Team:USAFA/Experiments

Experiments

Basic Lab Prep and Growth Procedures

Making LB

  1. Read the directions on the bottle . For example, to make LB Agar. The bottle says to add 40 grams off the LB powder per liter of distilled water. (Note: the gram amount may differ for each bottle. See bottle for instructions).
  2. Scale 12.5 grams of LB powder of 500 mL of distilled water with graduated cylinder.
  3. Always heat the mixture to dissolve fully using a heat plate and a flask. Use an autoclaved flask. Make sure to have stir bir to dissolve particles. Black autoclaved tape on the flask means that it has been autoclaved and is sterile. Temperature doesn't matter. Dark urine color.
  4. Autoclaved for 15 minutes in 121 degrees. TIghten media bottle cap . Put foil on top of lid and put autoclave tape. Use double volume bottle for however much liquid mixture being autoclaved.
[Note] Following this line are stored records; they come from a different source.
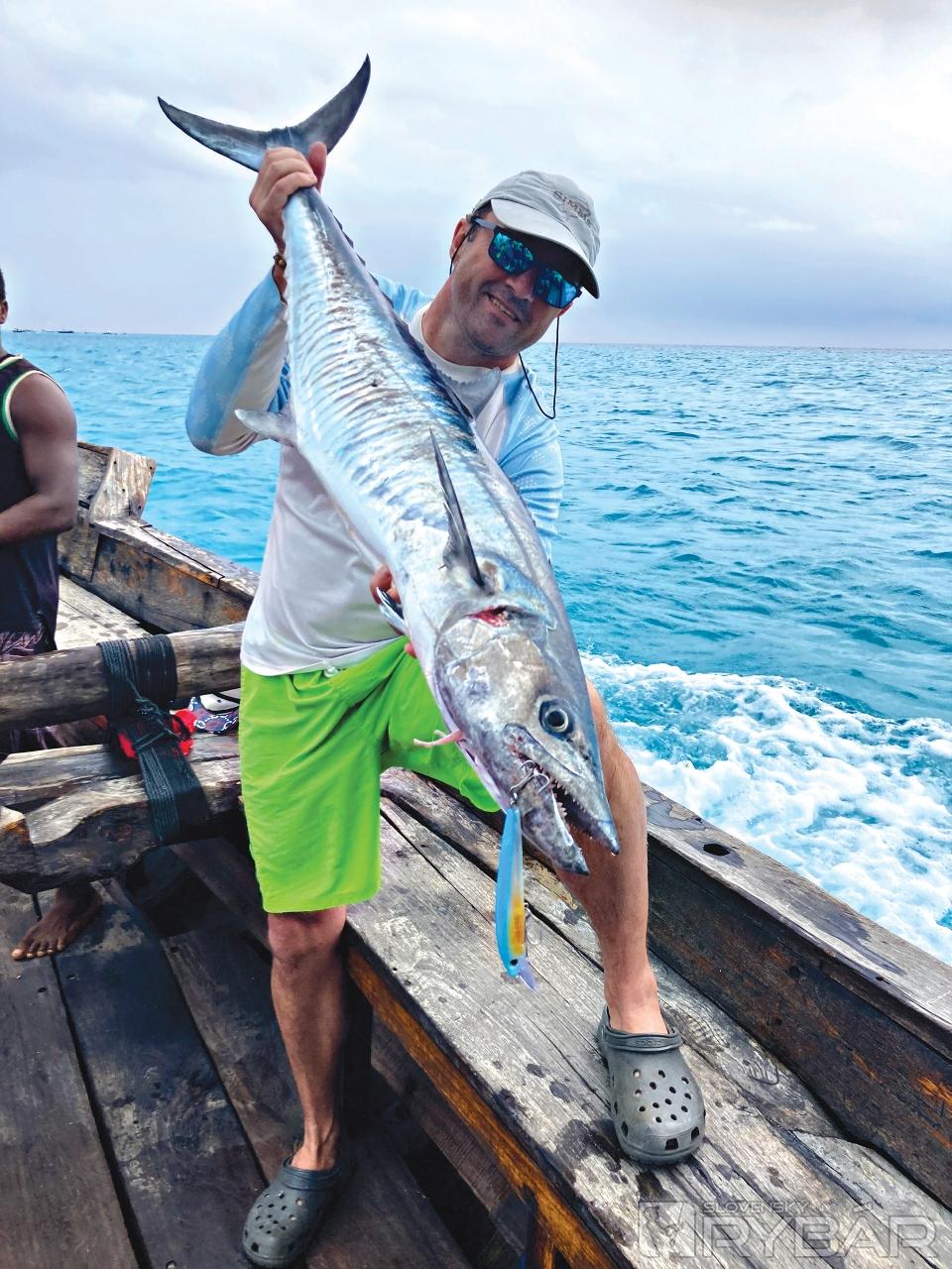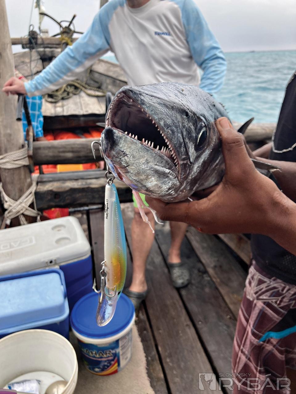 To je asi jediný spôsob na solídnu rybu. Keď sme boli na severe v Nungwi, mali sme v cene šnorchlovanie pri súkromnom ostrove Mnemba (majiteľ Bill Gates). Plavba väčšou loďou trvala približne 2 hodiny, a tak som zobral rybársky ruksak a šiel dozadu k motoru, ktorý riadil kapitán lode. Keď zazrel udicu, vôbec nebol nadšený. To už tam prišli ďalší dvaja z posádky. Otvoril som krabicu s gumami, čo vyvolalo medzi nimi veľký záujem. Najprv som si ale musel získať kapitána, tak som mu vybral zo 10 väčších gúm, čo hneď zabralo. Ostatní dostali po 3-4 kusy. Náramne sa bavili na gumách, naťahovali chvostíky, skúšali ostrosť jigov, asi také niečo videli prvý raz.
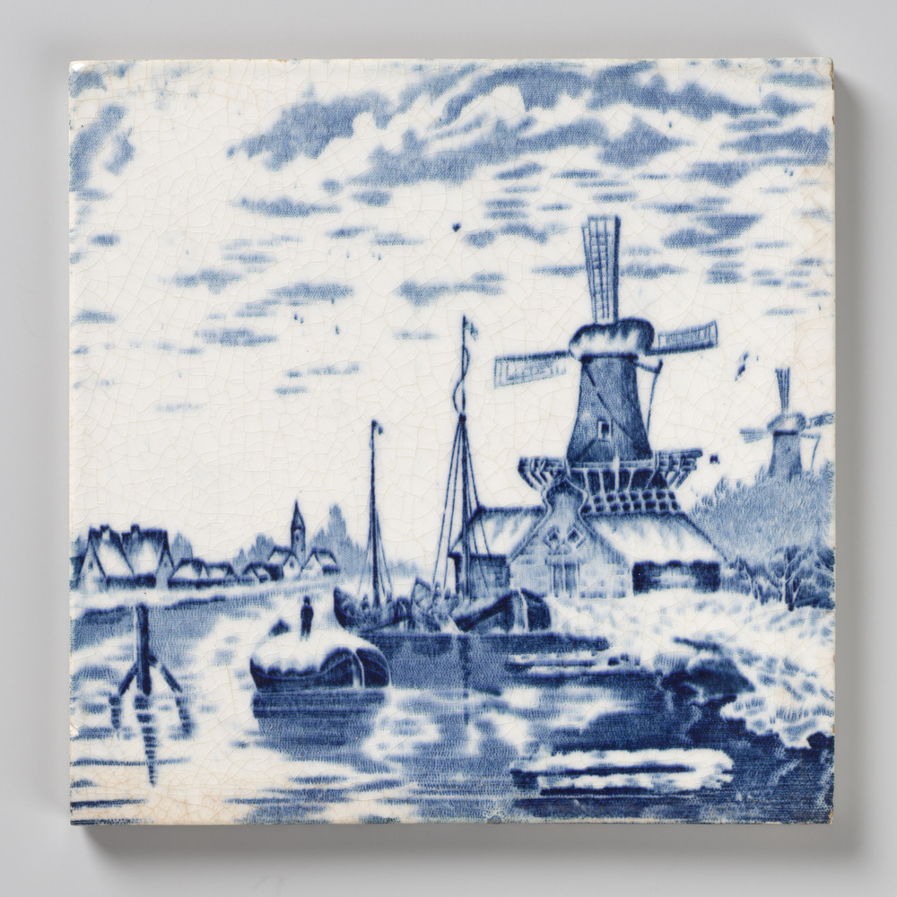 tegel van keramiek met tinglazuur, voorstellende: ke...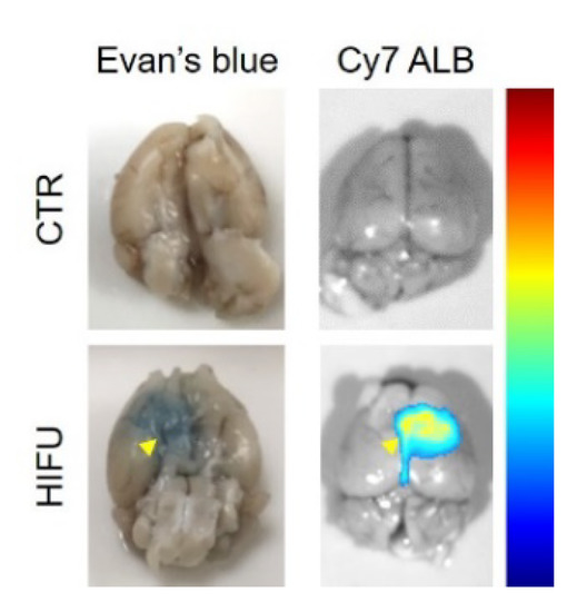 HIFU with microbubbles disrupts the BBB detected by accumulation of Evan’s blue (left panel) and Cy7-albumin (Cy7 ALB, right panel). Arrowhead, accumulation of Evan’s blue (EB) and Cy7-albumin (Cy7 ALB) in the brain of mice after HIFU.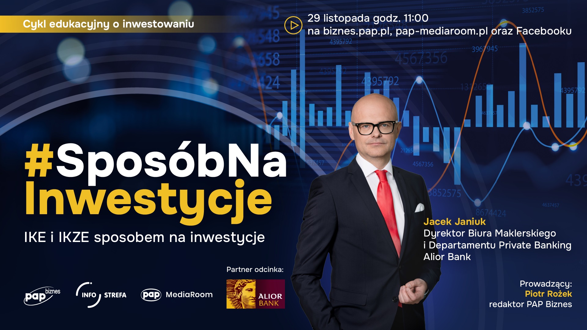 Rusza nowy projekt edukacyjny PAP Biznes o inwestowaniu w ujęciu indywidualnym. 29 listopada gościem pierwszego odcinka cyklu #SposóbNaInwestycje będzie Jacek Janiuk, dyrektor Biura Maklerskiego i dyrektor Departamentu Private Banking Alior Banku, z którym porozmawiamy o oszczędzaniu poprzez Indywidualne Konta Emerytalne i Indywidualne Konta Zabezpieczenia Emerytalnego oraz zapytamy, dlaczego warto rozważyć tego typu inwestycje.

For example, use a liter bottle for a 500 mL mixture.
  5. Tip when labelling with masking tape, flip end of one tape so easy to pull off.
  6. Always triple rinse glassware with DI water after washing with soap and warm water.

Bacterial Plating

  1. Add 5 mL of LB broth to each test tube (cultured tubes) (3 of them).
  2. From the bacteria plate, take a distinct colony for each test tube and swirl it into the LB broth.
  3. Plate two more plates with the original plate. Streak on one side of the plate, do a quarter turn, and then overlap the streaks at this direction.
  4. Placed the plates in the incubator and ensure that all surfaces are cleaned. The temperature will vary based on different bacteria.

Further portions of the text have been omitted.